Que vais-je donner à manger au démon de l’autre,  qui m’agresse? Si les miens sont devenus des alliés car bien nourris, alors je serai déjà plus tranquille et je pourrai donner une réelle présence, écoute, écoutant pour entendre vraiment, offrant un espace, où nos première réactions seront suspendues.
On s’entraîne à laisser l’espace ouvert, à reformuler en questionnant l’autre pour qu’il précise où est le problème. la première chose dont on doit se méfier est soi-même, de ne pas lâcher la bride à nos propres démons, d’être dans la transparence lucide qui nous permet de nous désolidifier et ainsi de désolidifier l’ensemble de la situation.
Ensuite, il n’y a pas de recette. Chacun reste libre de ses réactions et de leurs conséquences. Nous nous entraînons et si nous échouons, il y a aura bien d’autres occasions de mieux nous y prendre.
Chacun est un élan d’amour entravé, au coeur brisé, qui cherche désespérément à soigner ses blessures, sans le savoir. Il est préférable de le savoir. La pratique propose de ne pas renforcer, alimenter l’existence des démons, d’où les pratiques comme celles d’hier soir. Visualiser ses démons, désolidifier et surtout leur donner ce qu’ils veulent, sous la forme d’un ressenti lumineux ou liquoreux est puissant. A partir de l’être de sagesse que je suis déjà, j’offre à mes démons ce qu’ils veulent, infiniment d’amour, de soin, de respect, de droit à exister etc.
Ce sont de merveilleuses pratiques qui coupent court au mental, à la complaisance de rester dans ses problèmes à cause de ci ou ça. Elles sont efficaces. A condition de s’y entraîner. La voie demande des efforts. Ce n’est pas en une fois que les choses se font. Elles demandent de la persévérance, de l’énergie, de la confiance, de la patience, et beaucoup d’amour des autres. Car connaître et prendre soin de ses démons ainsi c’est être un meilleur être humain à tous points de vue. Et si les autres nous créent des problèmes, nous essayons nous de leur donner la solution que nous avons pu devenir, avec l’humilité requise que rien n’est jamais acquis.

 

5 commentaires sur “Peut-on parler du démon de l’autre?

  1. Chère Wangmo

    Voici les petits cailloux que j’ai récoltés dans ce texte plein d’enseignement et qui me montrent le chemin vers une plus juste conscience.

    Premier caillou:
    Nous ne sommes pas victimes des autres, seulement de nos propres schémas.

    Deuxième caillou:
    Du point de vue de l’enseignement le démon de tous les démons c’est la croyance en la croyance d’un soi.

    Troisième caillou:
    Si vous empruntez un chemin en conscience. Il y aura fort à parier qu’ils se présenteront sur votre chemin, pour un test, voire des nettoyages nécessaires.

    Quatrième caillou:
    Nous pouvons apprendre à apprivoiser mutuellement nos démons. C’est ce qui aussi donne la force de pardonner à soi-même et aux autres

    Cinquième caillou:
    Plus mon cœur s’ouvre et moins je prends les choses personnellement, et mieux je vois que l’autre est un autre moi-même.

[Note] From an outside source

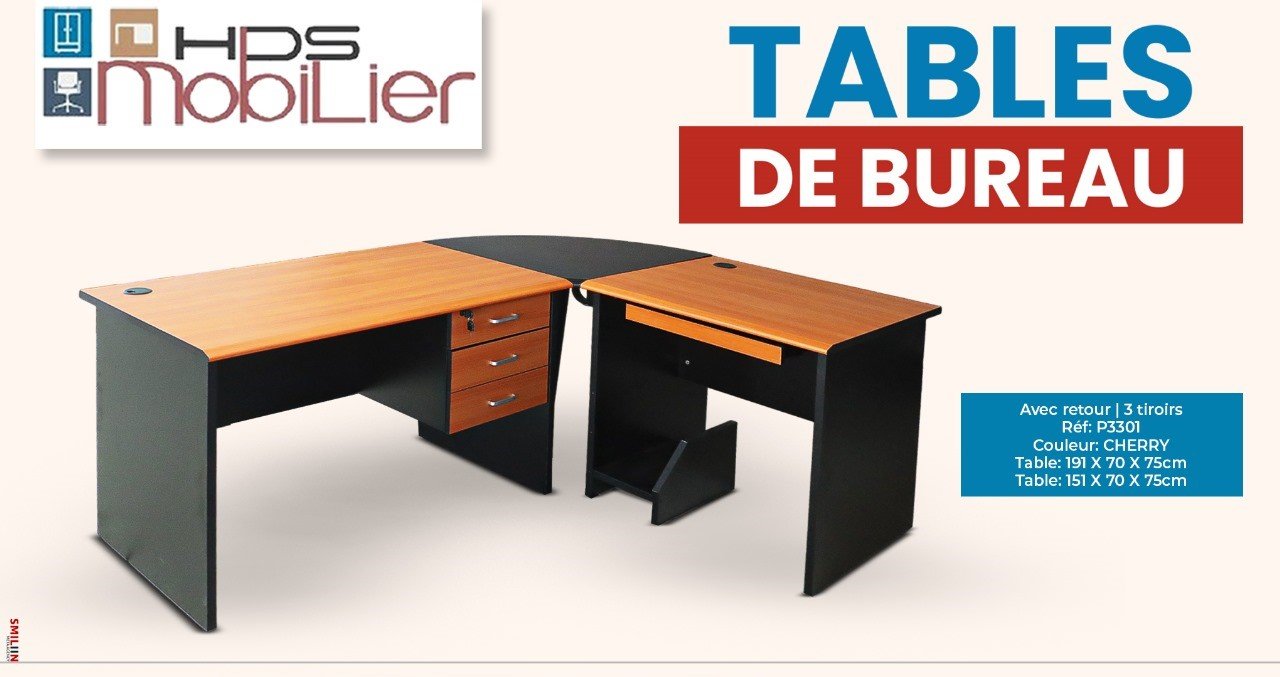 | Type | Table de bureau avec retour, 3 tiroirs |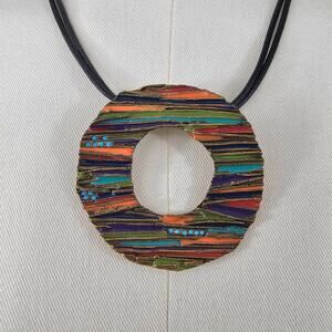 Chicos Multicolor Enamel Circle Corded Pendant Necklace

    et plein d’autres encore ….

    Merci, merci, merci.

    Claudine

    J'aime

  2. Les diamants sont éternels, Wangmo tu les sèmes à tous vents, nous les ramassons, j’en ai plein les poches ! merci pour ces précieux enseignements, merci de nous aider à les appliquer, par ton attention bienveillante et le rappel de la vraie nature de notre esprit. Gratitude.